The idea that party leaders are decisively important in the winning or losing of general elections is implicit in much political journalism, and it is a belief that some local political commentators have been eager to propagate.

It is very rarely true.

It is only in an extremely close-run race that the personality of the leader and the gulf between that leader's standing and the popularity of his principal opponent can make the difference between victory and defeat.

It is not even particularly uncommon for the political party of the less popular leader of the two main parties to be the one that wins the election.

While we have been noticing a decline in citizens' political trust and satisfaction with democracy, we know less about whether leader popularity is in decline and, if so, what drives this trend. Malta's major party leaders have become less popular over time. The effect of partisanship on leader popularity has weakened over time, while leader integrity traits have become more important.

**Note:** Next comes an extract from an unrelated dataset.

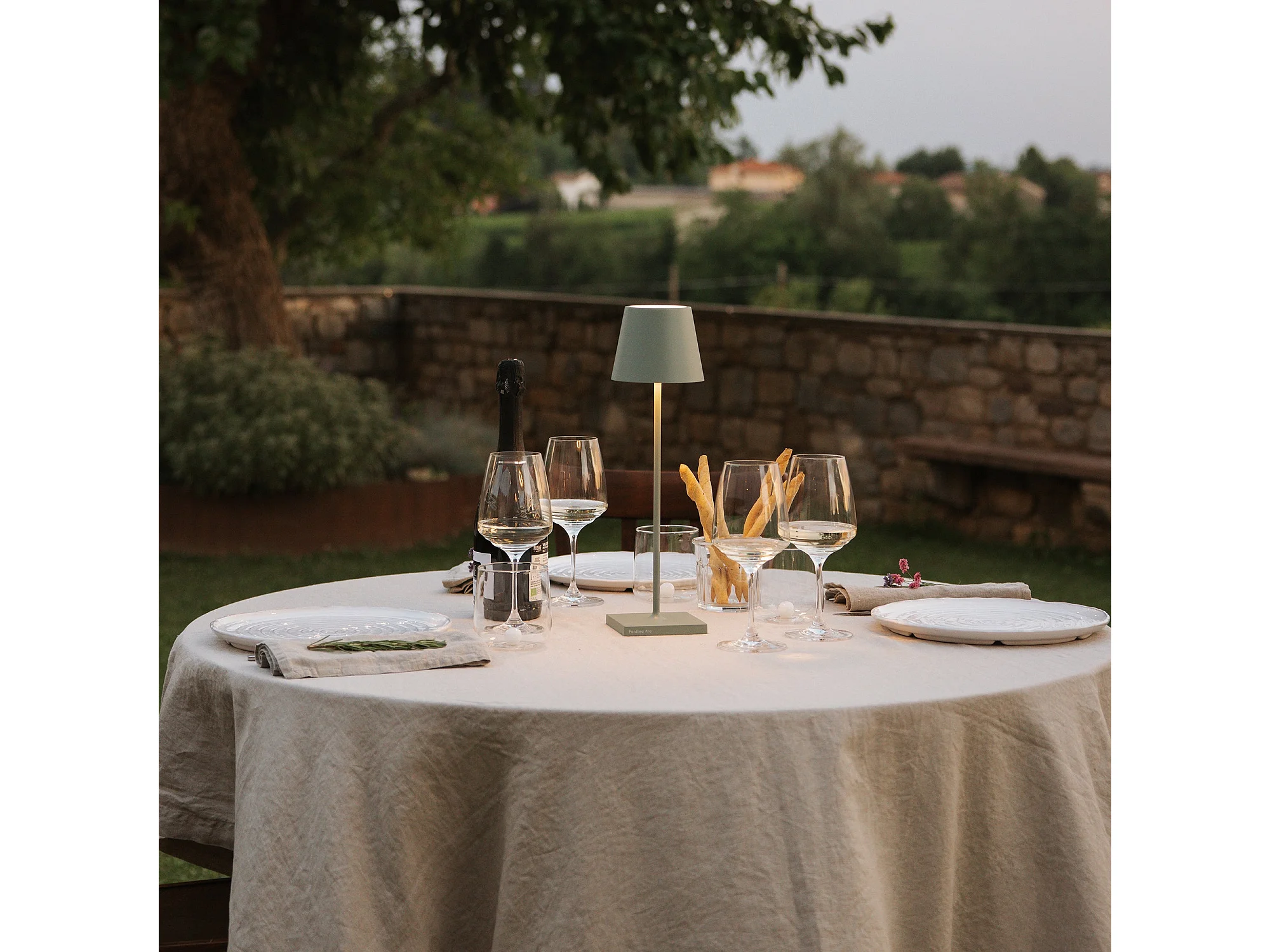 Zafferano Lampada a led da tavolo Poldina Pro Verde Salvia ricaricabile e dimmerabile con batteria fino a 12 ore. Da uso esterno IP65

Leader popularity and trust rating refer to the degree to which leaders are liked and trusted by the public. A similar concept, likeability, captures this idea at the individual level. The popularity of leaders is normally supposed to form one component of the overall concept of political support.

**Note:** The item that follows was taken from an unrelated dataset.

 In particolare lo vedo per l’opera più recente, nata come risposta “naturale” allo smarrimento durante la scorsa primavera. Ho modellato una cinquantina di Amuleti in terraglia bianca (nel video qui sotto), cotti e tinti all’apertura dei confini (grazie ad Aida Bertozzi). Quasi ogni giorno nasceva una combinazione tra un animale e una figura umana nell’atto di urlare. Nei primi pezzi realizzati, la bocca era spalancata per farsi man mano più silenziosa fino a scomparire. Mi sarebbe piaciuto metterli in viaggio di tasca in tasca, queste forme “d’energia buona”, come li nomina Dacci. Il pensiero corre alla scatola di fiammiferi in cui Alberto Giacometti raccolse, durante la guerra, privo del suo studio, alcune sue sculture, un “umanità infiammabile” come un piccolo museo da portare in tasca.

It could reasonably be presumed that voters put their trust in party leaders based on their integrity, competence, effectiveness, reliability and warmth. Still, we can't be certain, as none of the frequent surveys have disclosed what credentials and criteria the resulting trust and popularity ratings were based on.

A significant amount of attention is given to opinion polls measuring the popularity of party leaders. The implication of much of this coverage is that the approval of party leaders matters when voters cast their votes. But what evidence is there to suggest that the popularity of party leaders is consequential for election outcomes?

Leader approval ratings are much more volatile than general election vote shares, and focusing solely on party leader's approval may possibly lead to overly pessimistic predictions for mainstream parties, and particularly for the PN.

The more relevant question, however, is whether any of this matters in terms of election outcomes. Does the (dis)approval of a party leader have any association with the share of the vote that a party receives?

There is ostensibly some kind of a relationship, but it can turn out to be not terribly strong. The main point is simple: party leaders' approval ratings fluctuate much more dramatically than parties' vote shares. Just because a party leader has become drastically unpopular, this does not mean that the party will lose a drastic number of votes at the election.

The regular surveys being churned out by local media often ask voters to indicate a preference between different potential leaders of a party or ask how a change in leadership would change how they vote. These polls can give some indication of relative popularity, but they don't tell you much about how the political climate would change if leaders change.

Leadership changes usually do produce shifts in polling, but it is often fleeting.

Of course, a strong leader could achieve success by building a strong party organisation, improving the party's brand and offering a plausible policy platform. All these might be sustainable and so offer long-term advantages to the party.

Joseph Muscat was undoubtedly a strong leader; his influence on the Labour Party was near-complete. He dominated the party organisation, party policy and its electoral strategy. Under Muscat, Labour got its best ever electoral results, and he broadened Labour's base to make it attractive to high-class support that had traditionally only voted PN.

Both Labour and the PN rarely dump their leaders because the alternative to even a bleak status quo is much riskier. True, the PN have removed leaders slightly more often, but only because in those instances they calculated that an internal coup was unambiguously in their party's interests.

Perhaps rather than removing its leader, a high-risk, destabilising move that would not improve its electoral prospects, the PN should be worrying more about its paucity of heavyweight candidates.